EXERCISE GOAL:
Reproduction of part of the material below, pictures omitted: copy exactly, and only, the lines starting with the one with "The AkiraTM WorkBenches" and going on through the one with "120 Gallon Horizontal".

DATA SUPPLIED:
###

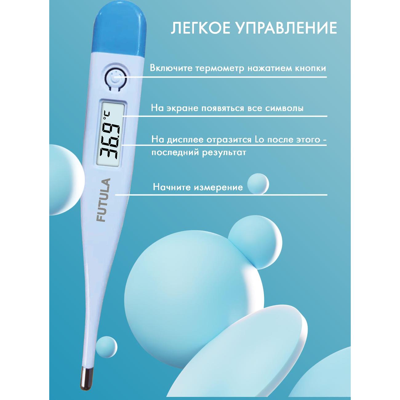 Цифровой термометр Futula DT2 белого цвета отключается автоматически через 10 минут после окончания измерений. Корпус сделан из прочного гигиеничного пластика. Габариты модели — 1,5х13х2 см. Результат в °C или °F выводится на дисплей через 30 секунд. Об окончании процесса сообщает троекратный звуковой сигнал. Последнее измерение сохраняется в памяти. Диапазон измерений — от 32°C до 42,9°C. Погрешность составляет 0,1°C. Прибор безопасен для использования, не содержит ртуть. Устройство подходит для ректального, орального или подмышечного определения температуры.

###

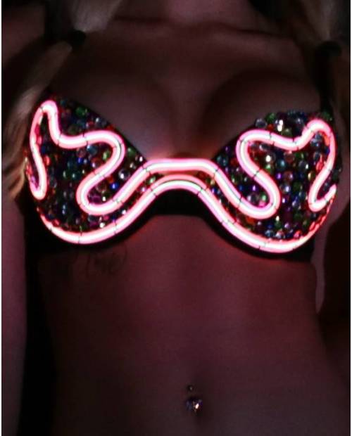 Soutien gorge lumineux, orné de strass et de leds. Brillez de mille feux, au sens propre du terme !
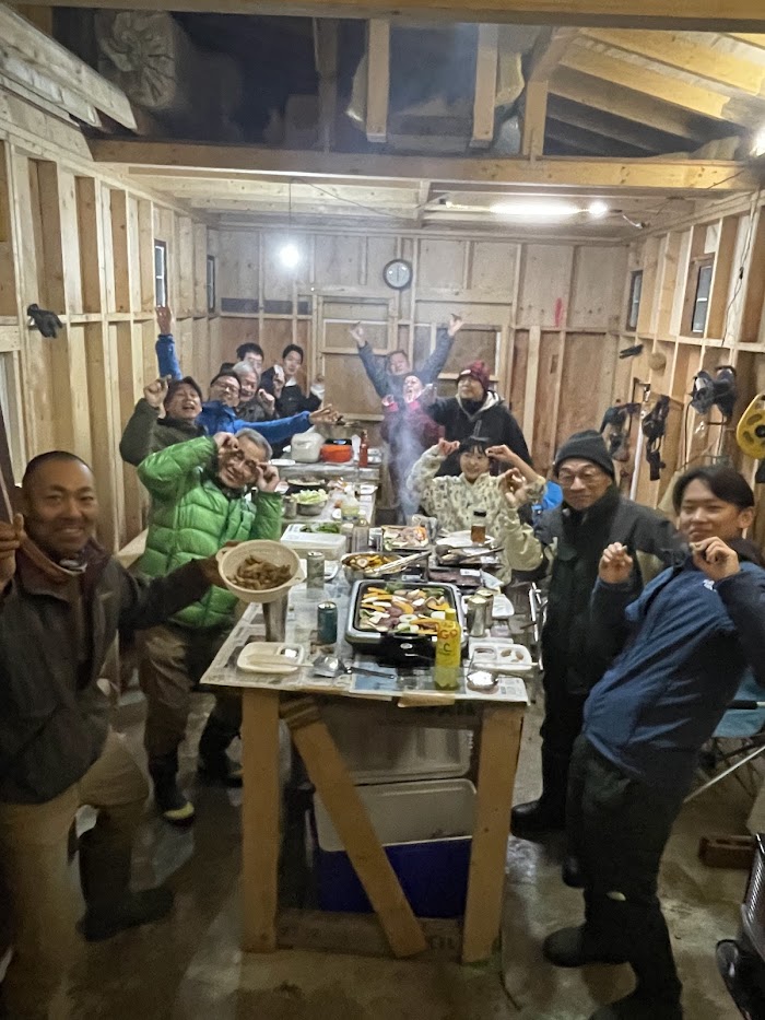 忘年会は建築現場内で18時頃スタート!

###

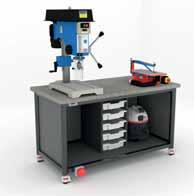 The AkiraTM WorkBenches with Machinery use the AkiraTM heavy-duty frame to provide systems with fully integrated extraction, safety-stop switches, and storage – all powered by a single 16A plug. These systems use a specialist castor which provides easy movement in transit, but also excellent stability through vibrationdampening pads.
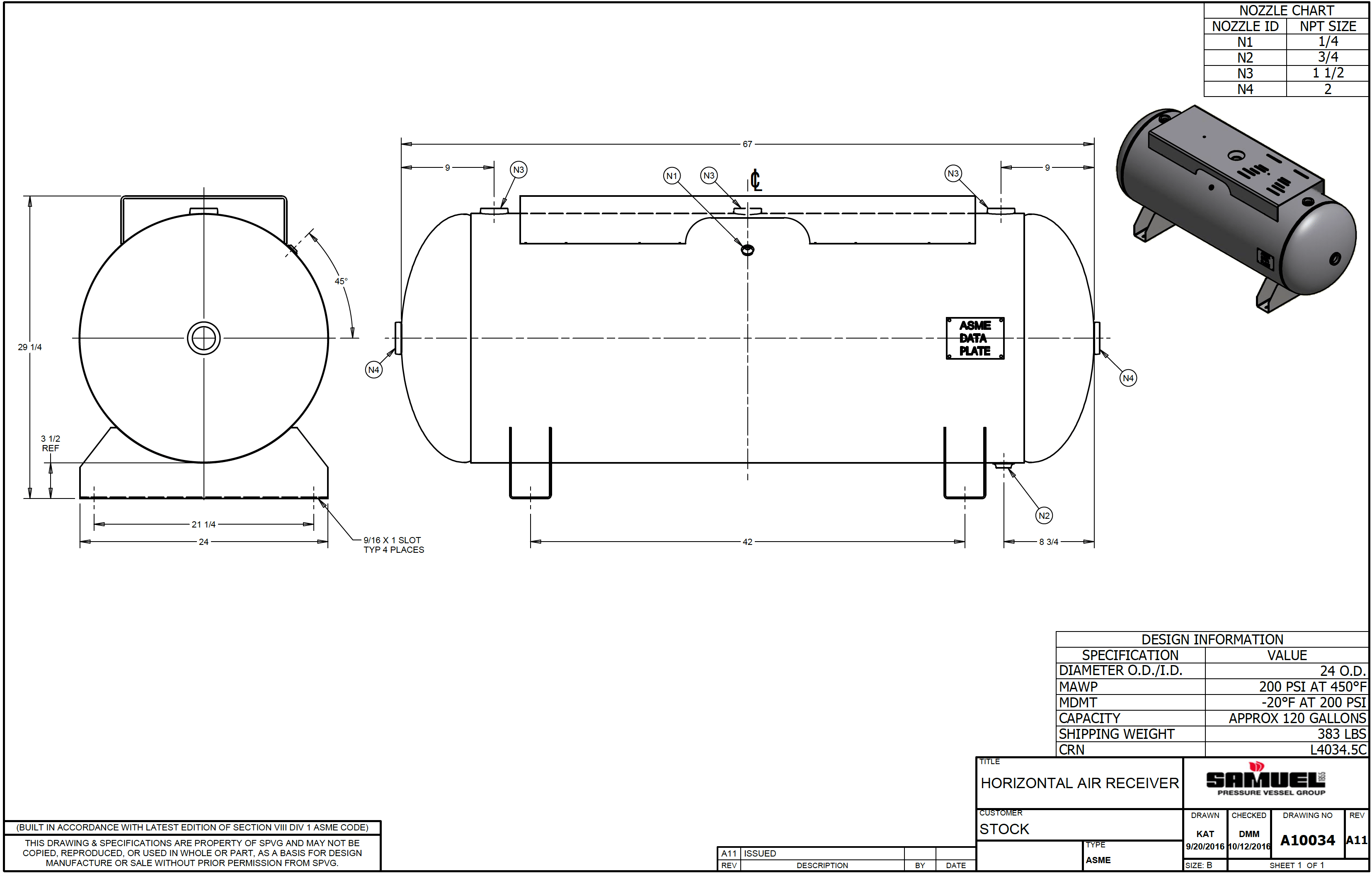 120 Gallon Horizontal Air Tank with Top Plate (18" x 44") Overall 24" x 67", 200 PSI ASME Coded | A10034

###

RESPONSE TO THE TASK:
 The AkiraTM WorkBenches with Machinery use the AkiraTM heavy-duty frame to provide systems with fully integrated extraction, safety-stop switches, and storage – all powered by a single 16A plug. These systems use a specialist castor which provides easy movement in transit, but also excellent stability through vibrationdampening pads.
 120 Gallon Horizontal Air Tank with Top Plate (18" x 44") Overall 24" x 67", 200 PSI ASME Coded | A10034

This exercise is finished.